◆ **Work to complete**
Count the lines below that contain the word "flat" and give only the number.

Dataset items
§

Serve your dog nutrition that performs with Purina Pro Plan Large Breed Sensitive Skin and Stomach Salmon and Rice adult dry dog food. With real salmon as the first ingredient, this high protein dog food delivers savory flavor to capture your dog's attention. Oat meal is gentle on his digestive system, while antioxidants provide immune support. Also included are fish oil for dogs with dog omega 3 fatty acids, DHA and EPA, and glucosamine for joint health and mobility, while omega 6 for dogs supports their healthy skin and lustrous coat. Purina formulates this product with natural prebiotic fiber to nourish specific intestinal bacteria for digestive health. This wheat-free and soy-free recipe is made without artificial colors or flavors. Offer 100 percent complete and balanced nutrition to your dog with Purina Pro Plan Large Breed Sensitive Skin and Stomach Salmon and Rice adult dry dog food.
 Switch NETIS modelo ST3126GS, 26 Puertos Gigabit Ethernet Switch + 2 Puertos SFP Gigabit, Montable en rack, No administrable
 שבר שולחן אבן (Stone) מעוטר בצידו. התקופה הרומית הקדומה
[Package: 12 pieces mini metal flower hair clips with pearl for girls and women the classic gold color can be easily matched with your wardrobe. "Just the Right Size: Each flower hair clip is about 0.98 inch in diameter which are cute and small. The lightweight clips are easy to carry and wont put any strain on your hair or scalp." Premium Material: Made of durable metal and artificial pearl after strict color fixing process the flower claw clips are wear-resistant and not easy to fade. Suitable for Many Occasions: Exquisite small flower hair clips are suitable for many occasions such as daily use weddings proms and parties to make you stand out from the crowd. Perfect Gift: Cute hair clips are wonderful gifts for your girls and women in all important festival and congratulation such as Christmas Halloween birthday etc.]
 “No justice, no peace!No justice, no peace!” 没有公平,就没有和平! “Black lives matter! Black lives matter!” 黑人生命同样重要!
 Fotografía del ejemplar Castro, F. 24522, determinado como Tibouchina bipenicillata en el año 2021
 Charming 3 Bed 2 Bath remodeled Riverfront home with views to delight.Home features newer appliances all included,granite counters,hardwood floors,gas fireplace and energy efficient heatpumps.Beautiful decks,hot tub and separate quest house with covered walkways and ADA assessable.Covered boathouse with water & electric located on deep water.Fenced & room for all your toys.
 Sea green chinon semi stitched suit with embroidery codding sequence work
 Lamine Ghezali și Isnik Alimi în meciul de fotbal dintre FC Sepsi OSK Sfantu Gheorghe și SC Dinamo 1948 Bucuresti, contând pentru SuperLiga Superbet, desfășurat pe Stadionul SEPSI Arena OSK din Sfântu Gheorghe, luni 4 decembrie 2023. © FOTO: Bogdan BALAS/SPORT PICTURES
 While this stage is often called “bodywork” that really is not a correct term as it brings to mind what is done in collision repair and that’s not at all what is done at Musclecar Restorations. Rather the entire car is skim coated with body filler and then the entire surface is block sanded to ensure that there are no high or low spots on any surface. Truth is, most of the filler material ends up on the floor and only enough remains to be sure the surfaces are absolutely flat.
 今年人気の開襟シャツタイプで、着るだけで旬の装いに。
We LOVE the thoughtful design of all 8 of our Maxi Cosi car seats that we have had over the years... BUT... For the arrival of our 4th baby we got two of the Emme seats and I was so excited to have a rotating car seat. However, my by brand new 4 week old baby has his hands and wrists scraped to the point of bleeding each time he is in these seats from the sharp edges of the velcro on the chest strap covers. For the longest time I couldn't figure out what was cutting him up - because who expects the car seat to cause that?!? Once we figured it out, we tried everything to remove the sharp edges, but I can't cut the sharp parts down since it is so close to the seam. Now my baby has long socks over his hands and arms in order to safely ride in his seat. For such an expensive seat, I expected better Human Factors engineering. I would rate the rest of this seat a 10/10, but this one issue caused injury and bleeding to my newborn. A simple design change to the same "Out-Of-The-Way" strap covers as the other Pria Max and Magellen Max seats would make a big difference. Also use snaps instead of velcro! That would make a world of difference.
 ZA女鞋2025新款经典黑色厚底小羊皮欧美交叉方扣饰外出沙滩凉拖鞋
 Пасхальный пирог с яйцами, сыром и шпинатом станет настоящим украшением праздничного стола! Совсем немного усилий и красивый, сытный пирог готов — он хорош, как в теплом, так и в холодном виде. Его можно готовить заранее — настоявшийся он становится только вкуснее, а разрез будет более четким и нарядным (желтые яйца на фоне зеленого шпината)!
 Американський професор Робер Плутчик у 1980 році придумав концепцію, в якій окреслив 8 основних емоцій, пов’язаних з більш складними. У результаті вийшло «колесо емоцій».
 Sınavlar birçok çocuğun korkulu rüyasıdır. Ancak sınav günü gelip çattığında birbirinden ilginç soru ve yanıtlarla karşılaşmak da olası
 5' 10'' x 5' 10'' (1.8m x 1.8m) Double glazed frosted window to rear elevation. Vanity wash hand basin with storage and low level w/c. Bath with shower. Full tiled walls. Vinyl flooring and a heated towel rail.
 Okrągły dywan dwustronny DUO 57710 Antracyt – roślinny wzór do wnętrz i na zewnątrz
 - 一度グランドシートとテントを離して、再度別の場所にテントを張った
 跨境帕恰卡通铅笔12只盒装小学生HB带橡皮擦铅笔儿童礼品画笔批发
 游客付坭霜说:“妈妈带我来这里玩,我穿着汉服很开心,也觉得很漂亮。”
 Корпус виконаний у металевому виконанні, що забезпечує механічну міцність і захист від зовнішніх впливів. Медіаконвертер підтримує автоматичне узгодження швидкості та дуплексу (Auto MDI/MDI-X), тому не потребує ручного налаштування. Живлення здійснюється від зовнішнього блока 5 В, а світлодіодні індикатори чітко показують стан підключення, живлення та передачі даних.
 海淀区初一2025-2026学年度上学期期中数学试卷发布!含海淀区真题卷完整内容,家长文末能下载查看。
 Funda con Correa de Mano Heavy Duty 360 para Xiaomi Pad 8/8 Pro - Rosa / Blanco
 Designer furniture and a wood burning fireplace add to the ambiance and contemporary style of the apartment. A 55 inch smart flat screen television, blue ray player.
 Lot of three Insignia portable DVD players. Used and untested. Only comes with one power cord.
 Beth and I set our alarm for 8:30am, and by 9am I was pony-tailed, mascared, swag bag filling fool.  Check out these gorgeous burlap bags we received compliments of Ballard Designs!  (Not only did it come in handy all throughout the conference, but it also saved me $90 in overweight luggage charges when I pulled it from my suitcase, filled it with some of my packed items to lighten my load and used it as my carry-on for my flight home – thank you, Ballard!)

§

◆ **Solved problem**
2